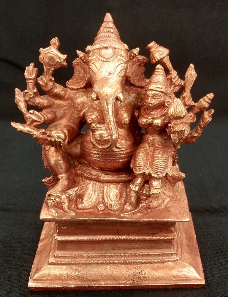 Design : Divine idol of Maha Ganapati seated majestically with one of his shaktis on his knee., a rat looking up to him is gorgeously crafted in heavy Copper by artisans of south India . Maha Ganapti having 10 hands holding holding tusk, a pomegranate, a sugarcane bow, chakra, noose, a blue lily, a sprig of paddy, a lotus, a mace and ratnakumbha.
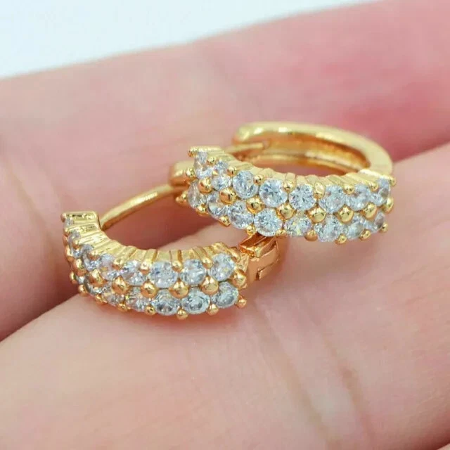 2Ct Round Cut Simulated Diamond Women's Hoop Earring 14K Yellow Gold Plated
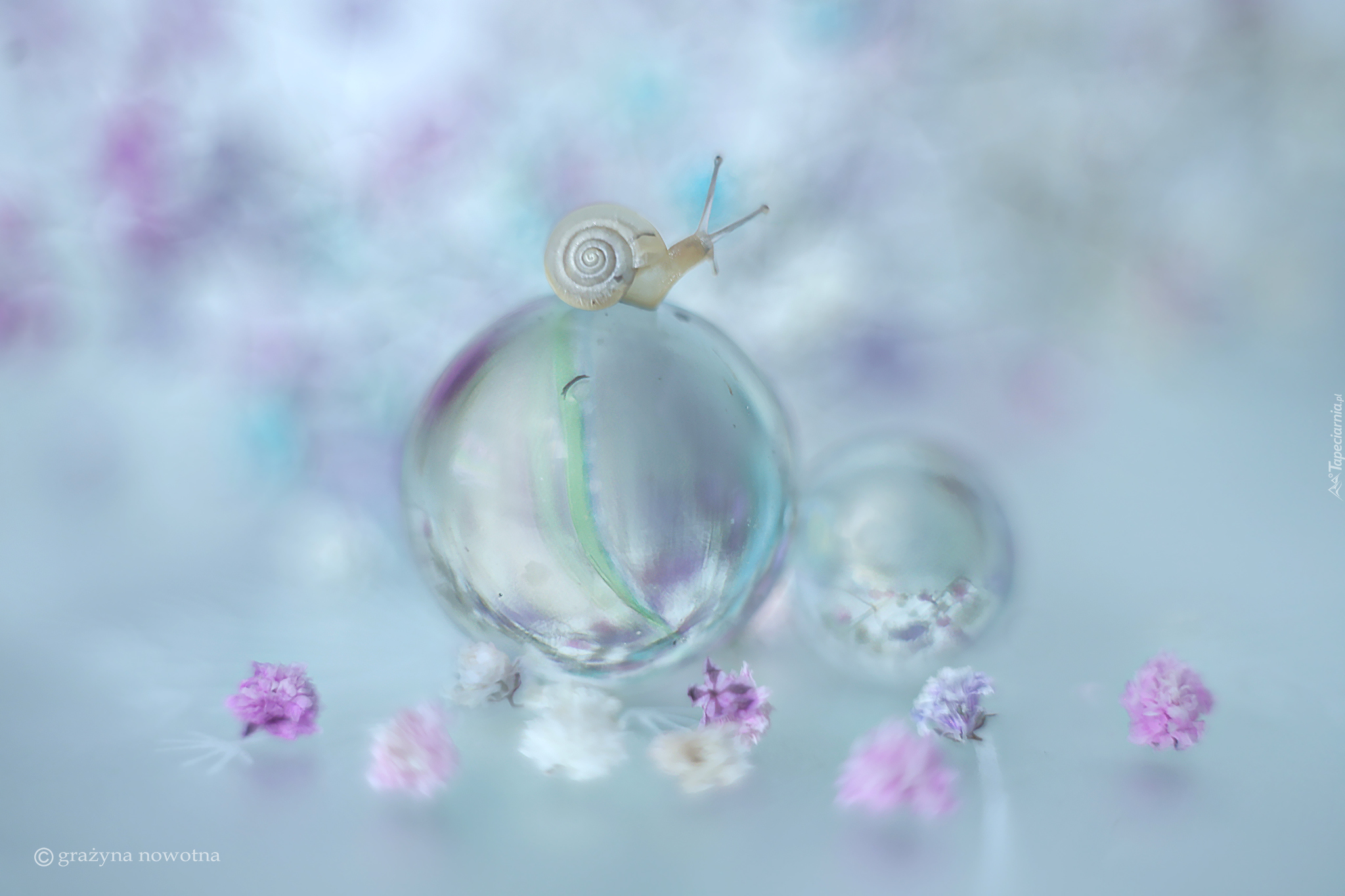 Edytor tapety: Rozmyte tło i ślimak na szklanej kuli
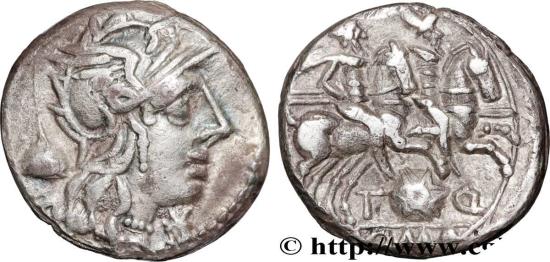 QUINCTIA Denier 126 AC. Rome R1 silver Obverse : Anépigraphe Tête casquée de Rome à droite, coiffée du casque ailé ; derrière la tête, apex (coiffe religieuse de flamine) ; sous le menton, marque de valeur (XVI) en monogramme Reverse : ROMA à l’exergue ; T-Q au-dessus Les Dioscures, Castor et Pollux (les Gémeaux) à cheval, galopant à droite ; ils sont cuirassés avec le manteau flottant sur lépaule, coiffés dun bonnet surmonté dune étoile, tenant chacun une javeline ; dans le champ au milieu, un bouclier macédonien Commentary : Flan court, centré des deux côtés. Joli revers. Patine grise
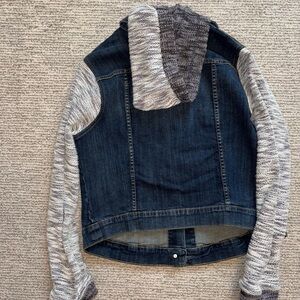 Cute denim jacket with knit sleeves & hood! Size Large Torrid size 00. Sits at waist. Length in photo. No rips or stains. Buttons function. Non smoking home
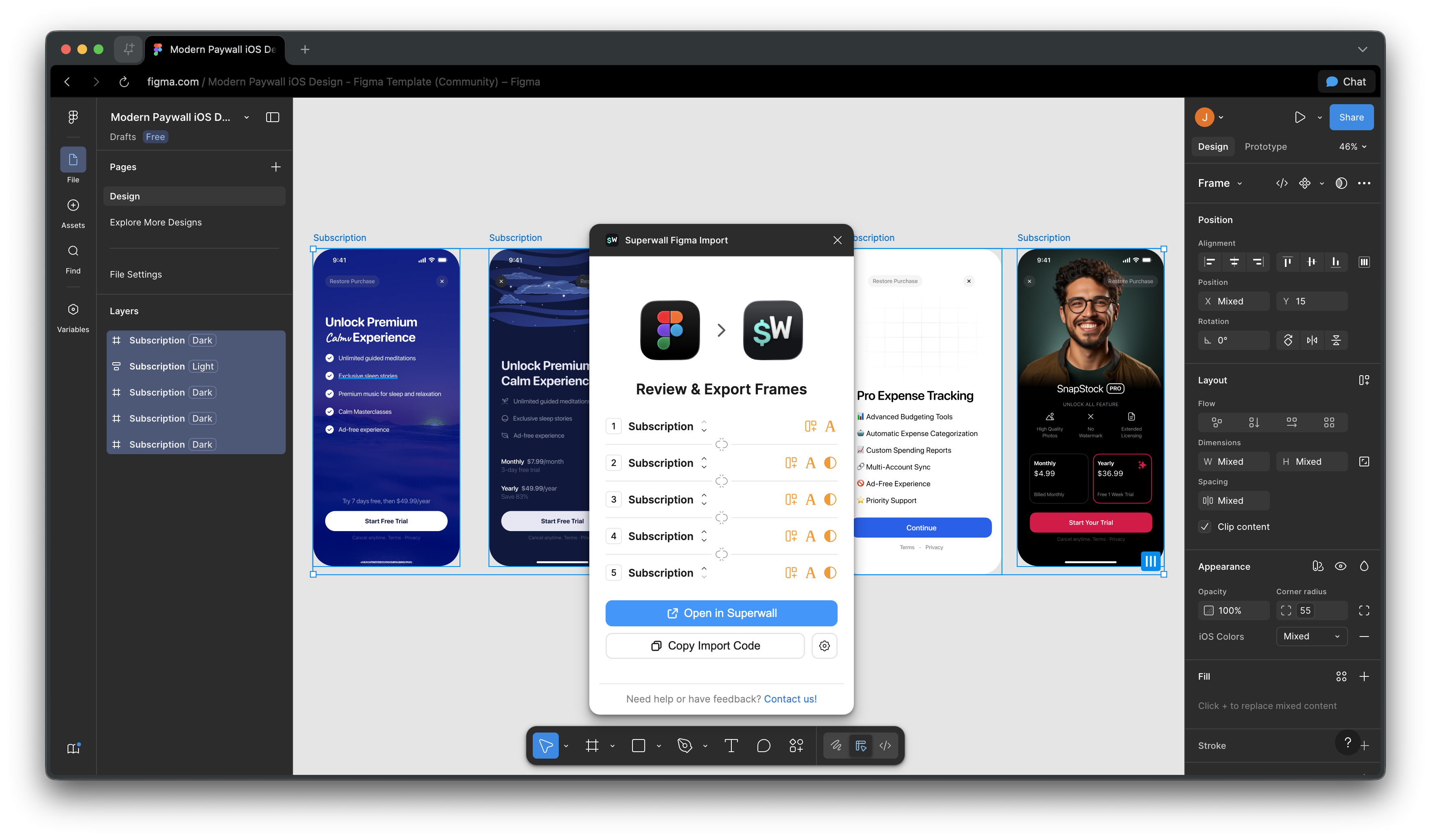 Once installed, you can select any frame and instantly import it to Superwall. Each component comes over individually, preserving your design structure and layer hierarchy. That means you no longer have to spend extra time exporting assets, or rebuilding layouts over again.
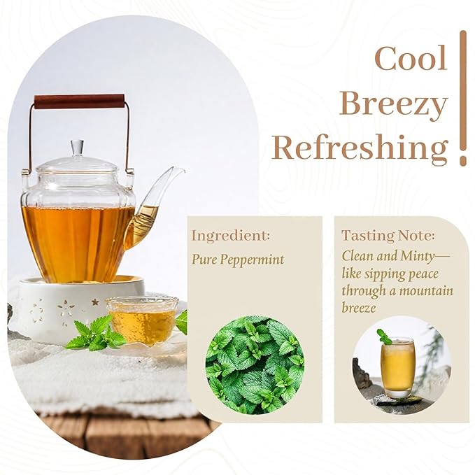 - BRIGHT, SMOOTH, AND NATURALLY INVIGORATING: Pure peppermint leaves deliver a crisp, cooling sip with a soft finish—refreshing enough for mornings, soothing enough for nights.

---

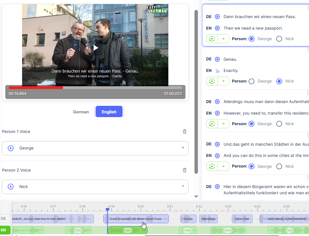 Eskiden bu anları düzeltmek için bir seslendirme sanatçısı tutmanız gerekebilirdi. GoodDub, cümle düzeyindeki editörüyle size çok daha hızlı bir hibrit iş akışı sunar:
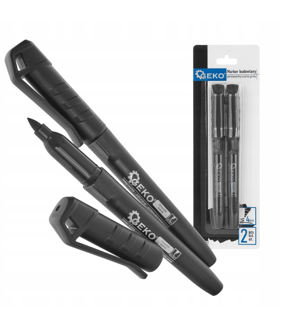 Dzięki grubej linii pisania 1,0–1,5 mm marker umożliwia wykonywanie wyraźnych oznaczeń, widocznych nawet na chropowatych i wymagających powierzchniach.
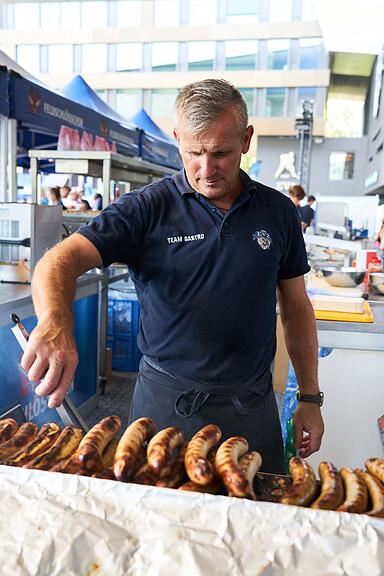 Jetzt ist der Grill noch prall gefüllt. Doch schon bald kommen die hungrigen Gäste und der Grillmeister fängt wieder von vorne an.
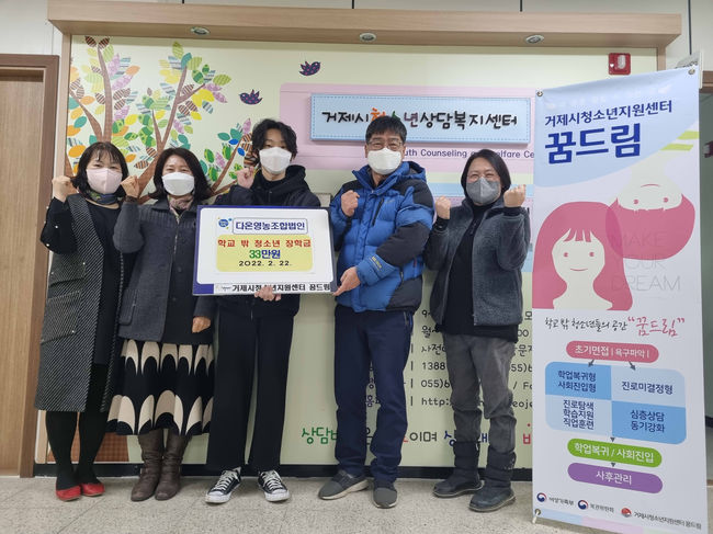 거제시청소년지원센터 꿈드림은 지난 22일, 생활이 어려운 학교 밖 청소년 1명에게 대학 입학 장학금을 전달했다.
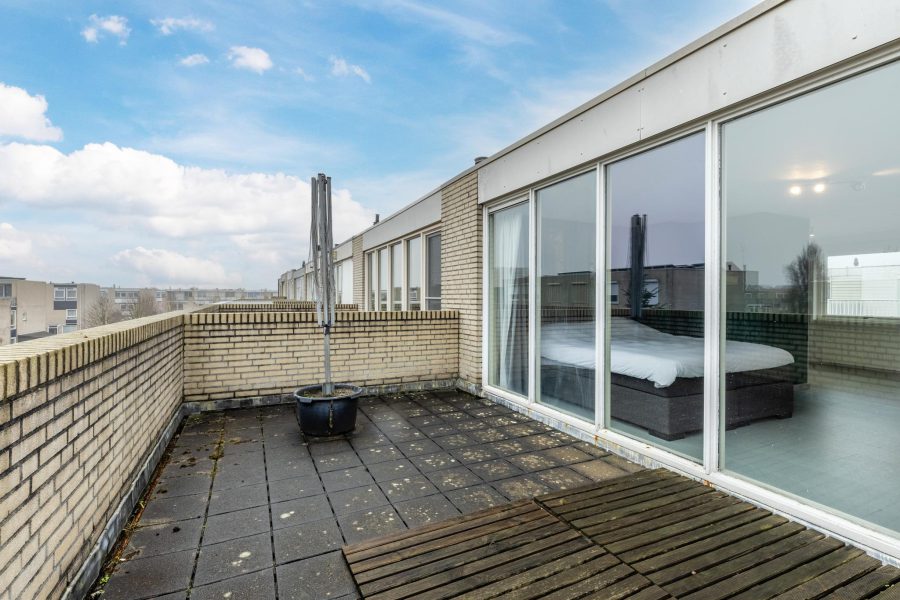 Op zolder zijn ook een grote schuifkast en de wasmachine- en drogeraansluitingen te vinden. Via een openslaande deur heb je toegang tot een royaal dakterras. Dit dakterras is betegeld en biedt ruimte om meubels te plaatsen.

---

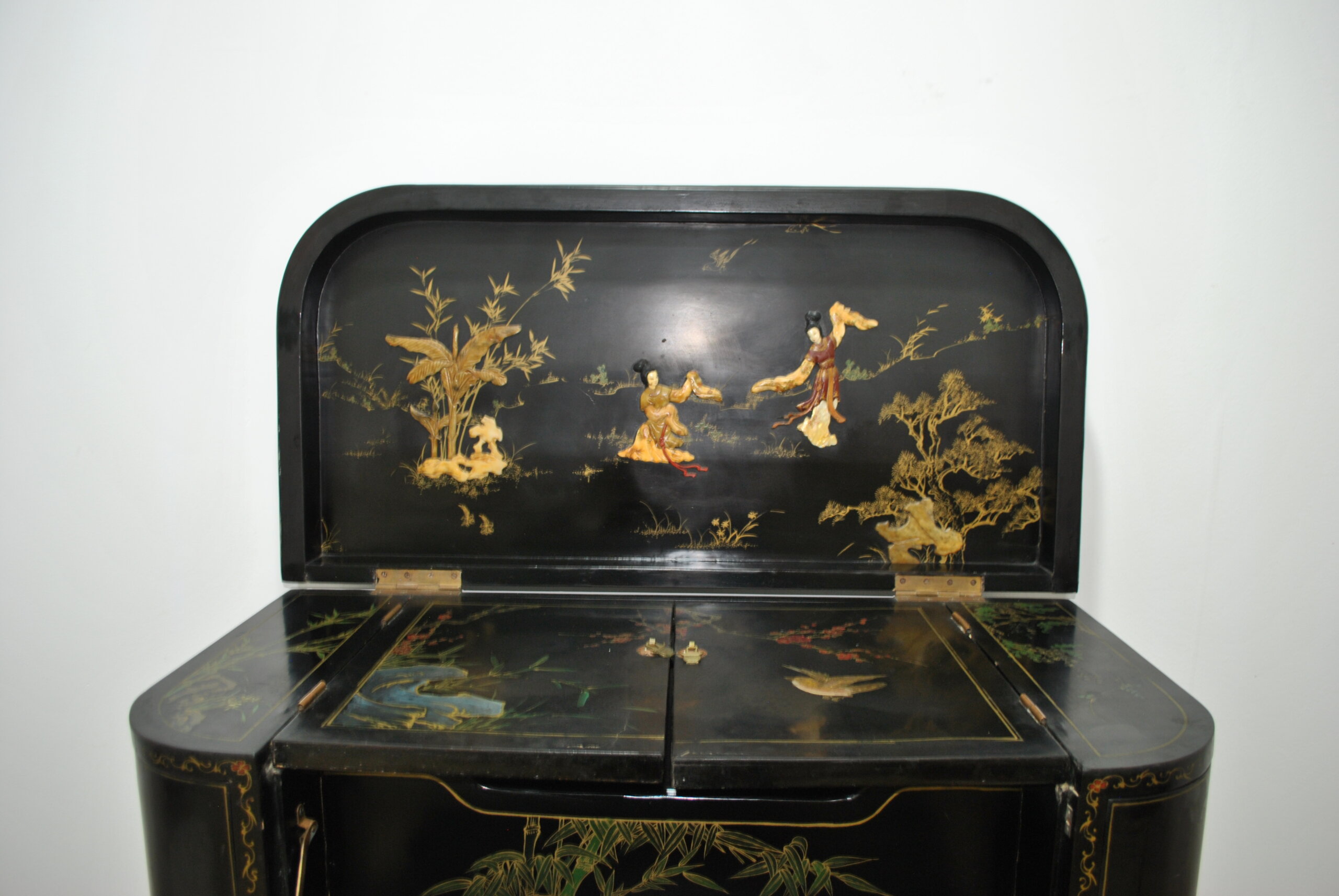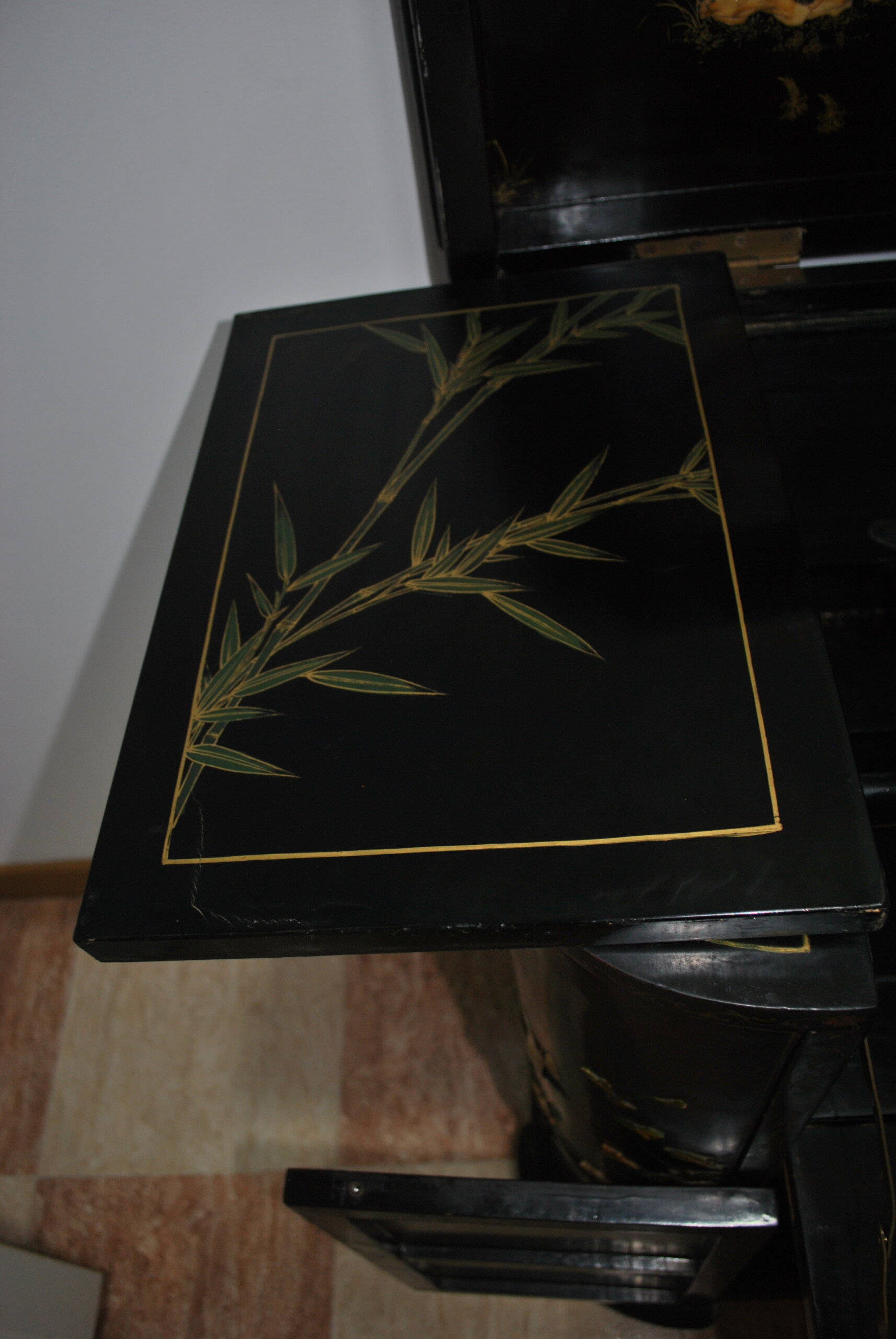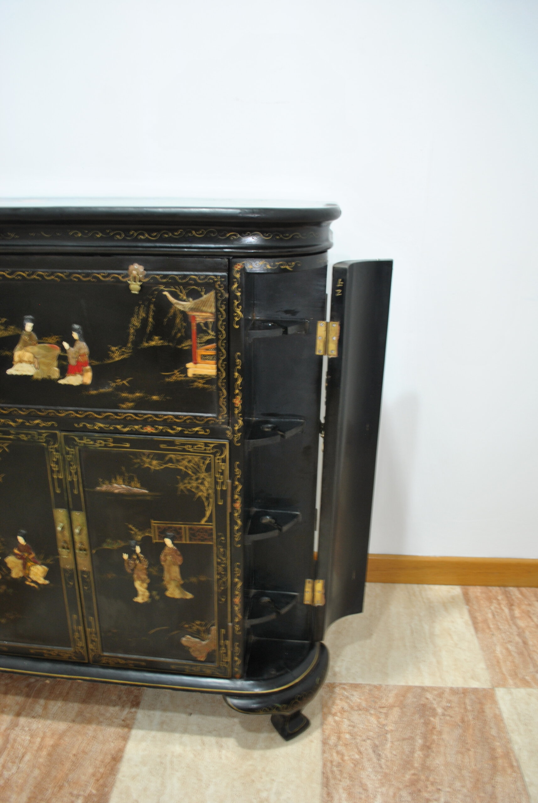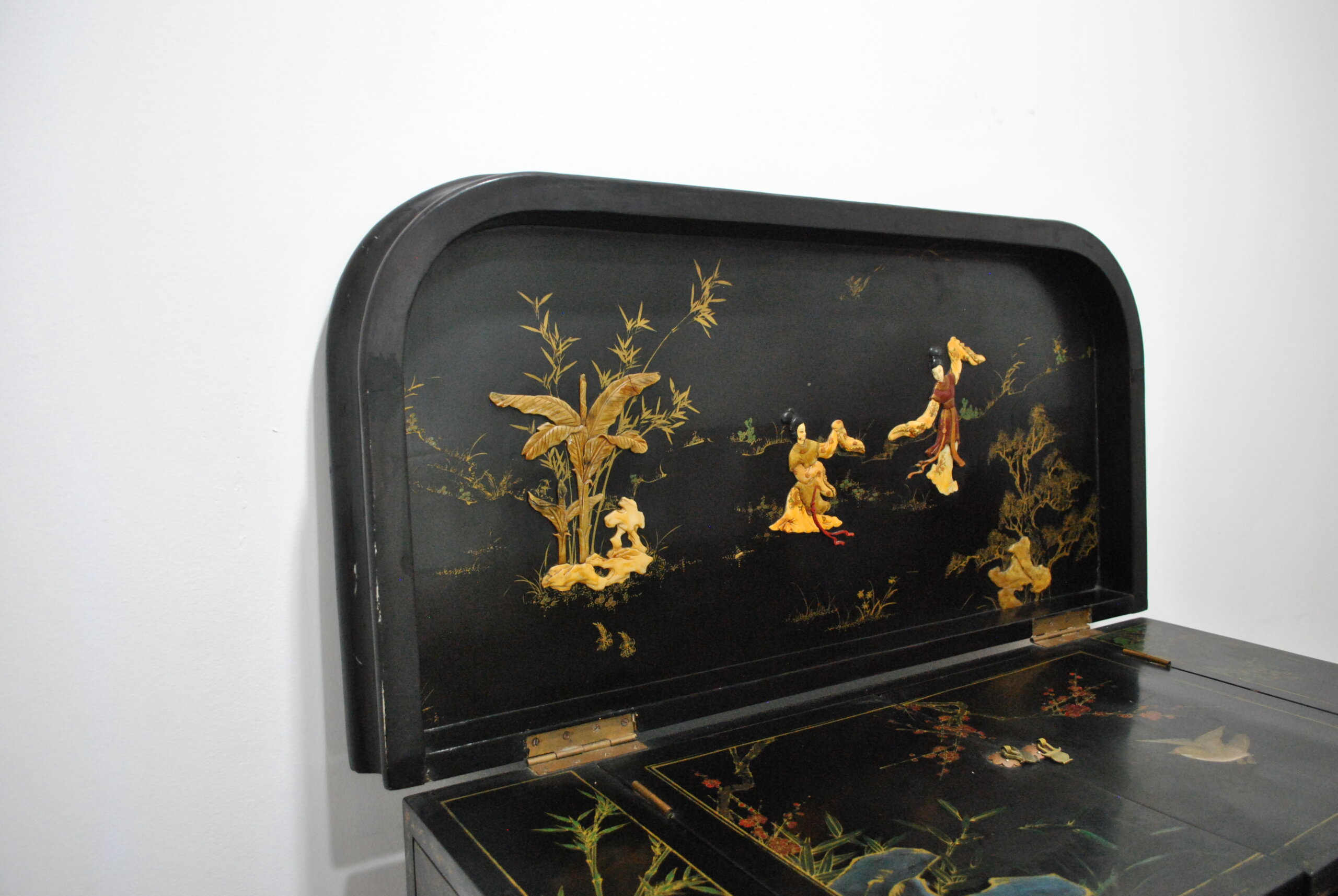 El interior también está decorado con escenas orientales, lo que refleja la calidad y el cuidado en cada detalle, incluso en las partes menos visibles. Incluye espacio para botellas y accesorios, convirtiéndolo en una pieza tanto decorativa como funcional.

> _Work item_: Copy nothing but the lines above from the one with "Design : Divine" to the one with "- BRIGHT, SMOOTH, AND", inclusive, word for word. Leave every picture out.

> _Answer box_:
 Design : Divine idol of Maha Ganapati seated majestically with one of his shaktis on his knee., a rat looking up to him is gorgeously crafted in heavy Copper by artisans of south India . Maha Ganapti having 10 hands holding holding tusk, a pomegranate, a sugarcane bow, chakra, noose, a blue lily, a sprig of paddy, a lotus, a mace and ratnakumbha.
 2Ct Round Cut Simulated Diamond Women's Hoop Earring 14K Yellow Gold Plated
 Edytor tapety: Rozmyte tło i ślimak na szklanej kuli
 QUINCTIA Denier 126 AC. Rome R1 silver Obverse : Anépigraphe Tête casquée de Rome à droite, coiffée du casque ailé ; derrière la tête, apex (coiffe religieuse de flamine) ; sous le menton, marque de valeur (XVI) en monogramme Reverse : ROMA à l’exergue ; T-Q au-dessus Les Dioscures, Castor et Pollux (les Gémeaux) à cheval, galopant à droite ; ils sont cuirassés avec le manteau flottant sur lépaule, coiffés dun bonnet surmonté dune étoile, tenant chacun une javeline ; dans le champ au milieu, un bouclier macédonien Commentary : Flan court, centré des deux côtés. Joli revers. Patine grise
 Cute denim jacket with knit sleeves & hood! Size Large Torrid size 00. Sits at waist. Length in photo. No rips or stains. Buttons function. Non smoking home
 Once installed, you can select any frame and instantly import it to Superwall. Each component comes over individually, preserving your design structure and layer hierarchy. That means you no longer have to spend extra time exporting assets, or rebuilding layouts over again.
 - BRIGHT, SMOOTH, AND NATURALLY INVIGORATING: Pure peppermint leaves deliver a crisp, cooling sip with a soft finish—refreshing enough for mornings, soothing enough for nights.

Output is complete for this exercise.